We ran the Shapiro-Wilk normality test on both distributions to check their normality and low p-value suggested that they do not meet the normality assumption. We could check if they are in the form of known distribution; however, we believed that they do not follow any known distribution and decided to perform testing that does not require much information about the distribution.

Bootstrap

boots_trap = function(rep_num_list, data){
  
  sd_list = c()
  n = length(data)
  
  for (rep in rep_num_list){
    
    boot_rep = rep(NA, rep)
    
    for (i in 1:rep){
      id = sample(n, n, replace = TRUE)
      sample_data <- data[id]
      boot_rep[i] = log(mean(sample_data))
    }
    sd = sd(boot_rep)
    sd_list = append(sd_list, sd)
  }
  return(sd_list)
}

The idea behind our bootstrap is to find the standard deviation of our estimate. We wanted to calculate the average score by construction 95% C.I. using the sd calculated from our bootstrap function. We repeatedly sampled from the unknown score distribution given and found the standard deviation of those samples. We did not know the adequate number of repetitions so we created a function to help us determine the right number of resampling.

Average Score 95% C.I.

rep_num = seq(25, 2500, by=25)

par(mfrow=c(1,2))
sd_list_A = boots_trap(rep_num, Section_A$score)
sd_list_C = boots_trap(rep_num, Section_C$score)

plot(rep_num, sd_list_A, ylim = c(0.015,0.025), xlab = "# Repetition",ylab = "SD",main = "Section A")
plot(rep_num, sd_list_C, ylim = c(0.015,0.025), xlab = "# Repetition",ylab = "SD",main = "Section C")

mean(Section_A$score) + c(-1, 1) * qnorm(0.975) * sd_list_A[length(sd_list_A)]
## [1] 80.60049 80.66978
mean(Section_C$score) + c(-1, 1) * qnorm(0.975) * sd_list_A[length(sd_list_C)]
## [1] 81.63203 81.70131

We observed that after a certain amount of repetition (around after 1000 repetitions), the calculated standard deviation narrowed down to a specific value.
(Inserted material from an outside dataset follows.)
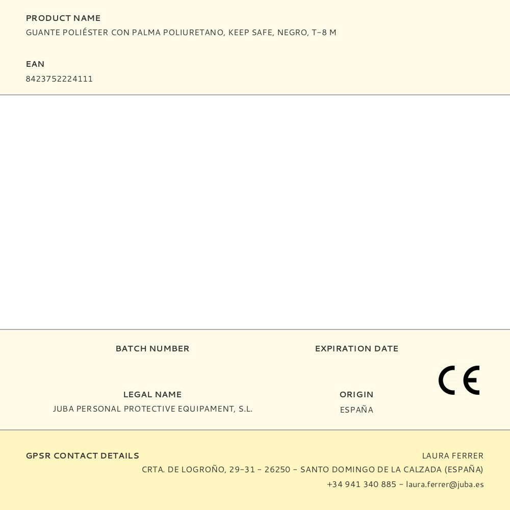 Luva de poliéster keep safe com palma em pu preto. boa sensibilidade tátil, transpirante e flexível. recomendada para: projetos de bricolagem, trabalho de campo, armazenagem e reposição de stock, manuseio, montagem e encaixe de peças em ambientes secos, levemente húmidos ou oleosos. t-8 m

Then we used that sd value to construct a 95% confidence interval for each section’s average midterm score. It turned out, the difference between the average score of two sections is about 1 point. We wanted to test whether it is statistically significant and used the permutation test to test this hypothesis.

Permutation Test

permutation_test = function(list1, list2, rep_num) {
  
  diff = c()
  mean_diff = mean(list1) - mean(list2)
  total_list = c(list1, list2)
  list_length = length(total_list)
  replicate = replicate(rep_num, sample(list_length, length(list1)))
  
  for(i in 1:rep_num) {
    samepl_mean_diff = mean(total_list[replicate[,i]]) - mean(total_list[-replicate[,i]])
    diff = append(diff,samepl_mean_diff)
  }
  
  two_sided = mean(abs(diff) > abs(mean_diff))
  list(diff=diff, significance = two_sided)
}

perm_test = permutation_test(Section_A$score, Section_C$score, 1000)
perm_test$significance
## [1] 0.623
hist(perm_test$diff,xlab = "Score Difference", main = "Score Difference Histrogram")

The purpose of our permutation test was to determine if there is significant evidence to reject the hypothesis that the observed sample means from two different sections are the same. We used this resampling method to compare the average score from two different score distributions and compute the achieved significance level(ASL).

We were hoping to obtain ASL below 0.05 to achieve a 95% significance level; however, as much higher ASL showed us, we could not find a significant difference between the average midterm score of two sections.

Conclusion

By using a more in-depth idea of statistics such as bootstrap and permutation test, we could perform score difference analysis beyond average score comparisons. By doing more complex analysis, we were able to have statistical evidence on this question.

Based on this analysis, we learned that there is no statistically significant difference between the two sections’ midterm score. As a TA, it was relieving that being in different sections will not result in different grades since that could be a sign of bias.